Arsenal reveal new kit ahead of Fulham clash with Jamaica theme before Notting Hill carnival
Understands its audience … the club’s new Jamaica-themed kit ahead of Notting Hill carnival in 2022. Photograph: Arsenal FC

This is a savvy corporation operating at the top of the game. In their 2024-25 financial update, Arsenal had record revenues of roughly £770m, almost double their income from just a few years ago. That commercial firepower deliberately finds its way into the culture. Their partnership with Labrum London, the brainchild of creative director Foday Dumbuya, produced a pan-African away jersey in 2024 decorated with cowrie shells and the colours of red, black and green. In 2022, a Jamaica-themed jersey celebrating “those who call north London and Jamaica home” was released and became a hit at Notting Hill carnival. Music elevates the branding, too. The video announcing the £105m signing of Declan Rice drew on the virality of Nigerian rapper Odumodublvck’s song about the midfielder, while the jazz band Ezra Collective and drummer Femi Koleoso composed the soundtrack for Martín Zubimendi’s arrival last summer. The product of a club that understands its audience, and has done for a long time.


An organic love

Arsenal legend Ian Wright and AFTV’s Robbie Lyle outside the Emirates on 19 May.
Jubilant … Arsenal legend Ian Wright and AFTV’s Robbie Lyle outside the Emirates on 19 May.
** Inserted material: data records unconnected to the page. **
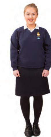
Associate Ceremonial Uniform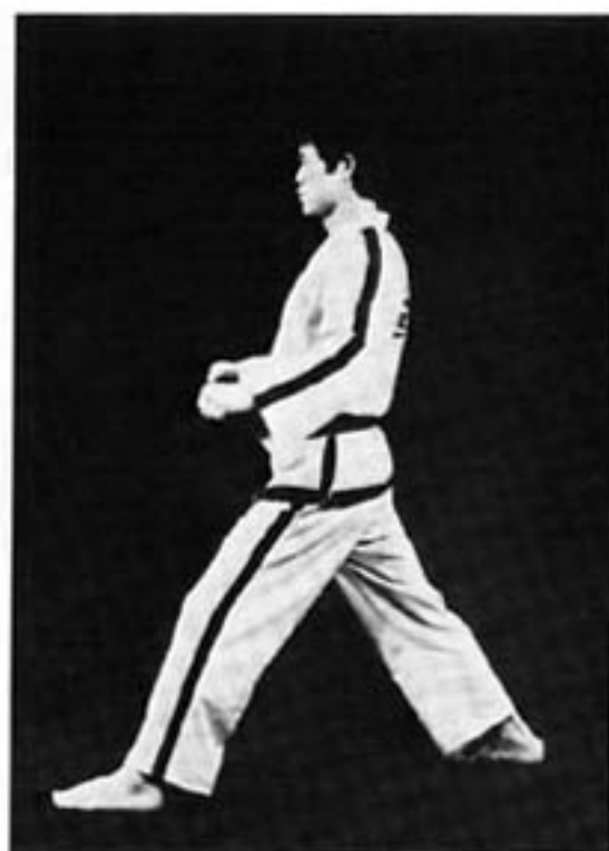
Left Walking Stance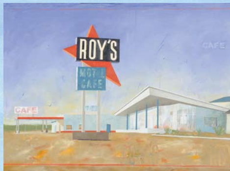
Roy's Motel and Cafe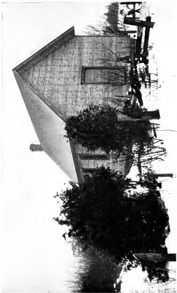
THE PLATT LAKE CHAPEL A Typical Preaching Place in the Larger Parish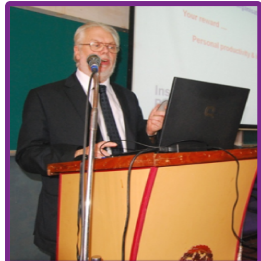
aZ` Vb BcbXeadG=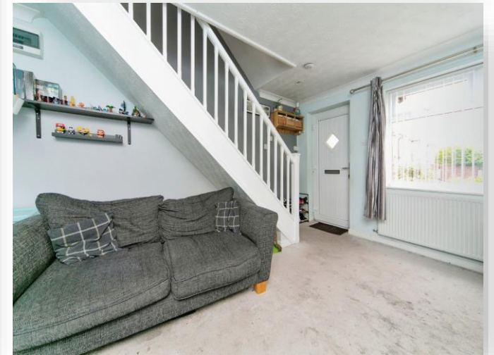
Blakenhall Way, Saughall Massie Wirral CH49 4RD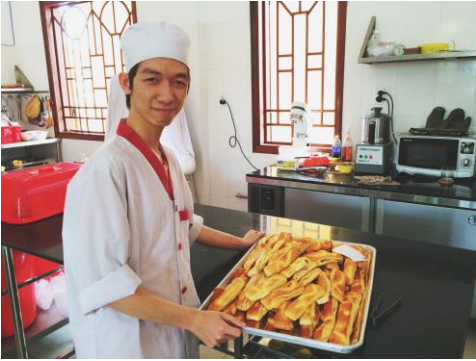
This young man is receiving professional training in baking at the Thanh Tam Special School in Danang, a partner of USAID PDSP.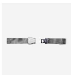
Lap belt PTR Art. No. 075 105 (fix mounted)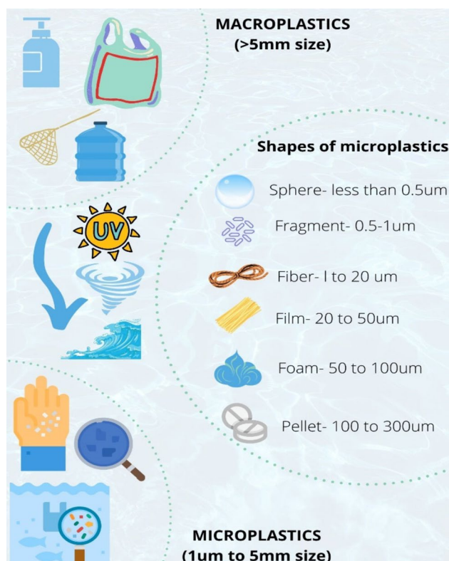
Fig. 2 Sizes and shapes of microplastics. Sizes: macro and microplastics. Shapes: spheres, fragments, fibers, films, foams, pellets

which are used to improve their structural properties, also contribute to toxic effects in living organisms during their leaching by weathering (Beiras et al. 2021; Hummel et al. 2021). Implication of additives of biological origin, instead of commercially applied additives may decrease the aquatic toxicity.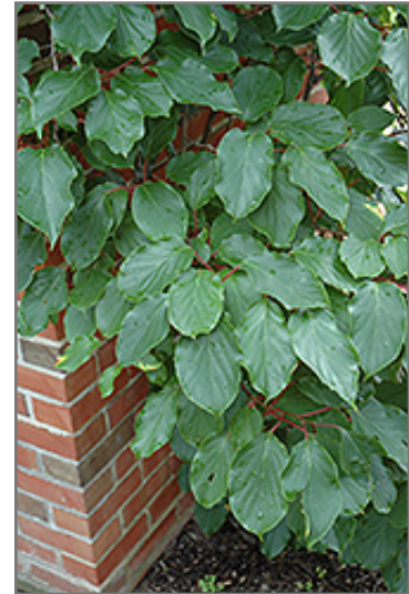
Weiki Hardy Kiwi foliage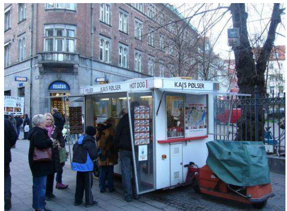
Standard hot dog stand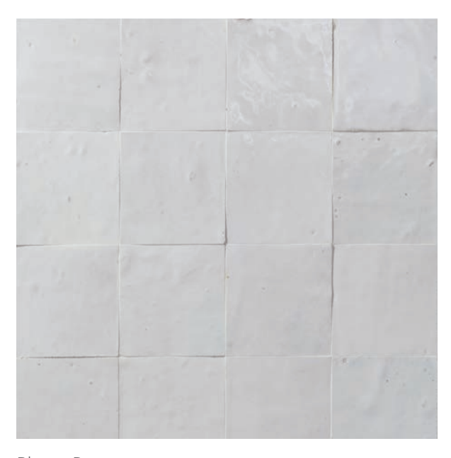
Blanco Puro MEL-4X4FLD-BLANPUR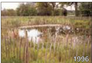
Fig 1 CH32/96

Fish were deliberately introduced at two sites, one prior to the 1996 survey, though the loss of fringing emergent vegetation was probably more important. At the other (CH32/96 Fig. 1) created as a receptor pond in mitigation of development disturbance) Perch ( Perca fluviatilis ) were introduced by illicit anglers. At three others, fish have been introduced or have spread from adjacent ditches and a canal during flood events. Sticklebacks ( Gasterosteus aculeatus ) have become a considerable problem, especially where little flexible vegetation is present in ponds or emergent and little submerged marginal vegetation cover is available due to inappropriate management or shading.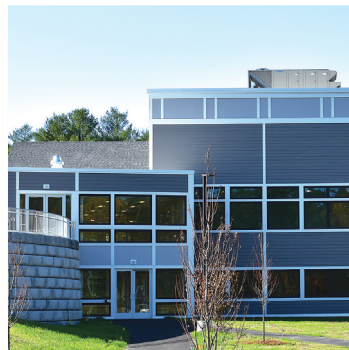
St Anselm College Welcome Center Derryfield School Athletic Center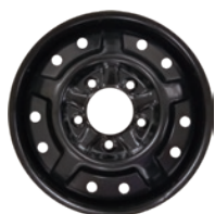
MSPN 49265 & 10545

Note: All UTV/ATVs use 60° / Conical / Tapered Lug Nuts.

Photograph: Tom Jenkins/The Guardian

Underneath all of it, Arsenal’s position as a polished cultural centre is something special, but their responsibility to Black fans is not solely corporate. Many of those supporters go to Arsenal, rain or shine, because of the organic cultural memory embedded in their football-watching lives.

To date, Sol Campbell remains the only Arsenal player to score in a Champions League final. Eze, Saka and the rest have the chance to change that in Budapest, to add their own chapter to a history that Davis, Rocastle and Wright spent decades making possible, and, with it, usher in a tranche of new fans.